Items that are often purchases together can be placed in the same aisle or aisles closer to each other, increasing sales!
This used to be done by human experts, which would require many years of experience in the industry to narrow things down. However, with the rise of big data and machine learning, why not let AI do all the trick and hard work for you?

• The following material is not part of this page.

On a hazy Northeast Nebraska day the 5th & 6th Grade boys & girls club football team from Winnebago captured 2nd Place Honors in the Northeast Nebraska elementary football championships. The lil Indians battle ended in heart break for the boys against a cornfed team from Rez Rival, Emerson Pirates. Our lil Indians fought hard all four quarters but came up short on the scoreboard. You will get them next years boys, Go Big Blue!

Ok let’s get started. The first step is to gather the dataset. Here I downloaded the Instacart dataset from Kaggle, and filtered out items that don’t have a sufficient purchase history yet in the dataset (being purchased fewer than 100 times), because they may not contain enough information to be correctly classified(i.e. they may end up forming weird 1-item categories).
# Load dependencies
import pandas as pd
from scipy import sparse
from sklearn import metrics
from sklearn.cluster import KMeans
import matplotlib.pyplot as plt
import seaborn as sns
pd.set_option('display.max_rows', 30)
# Load the Instacart data and cluster items that have been purchased at least 100 times
df = pd.read_csv('data/order_products__train.csv')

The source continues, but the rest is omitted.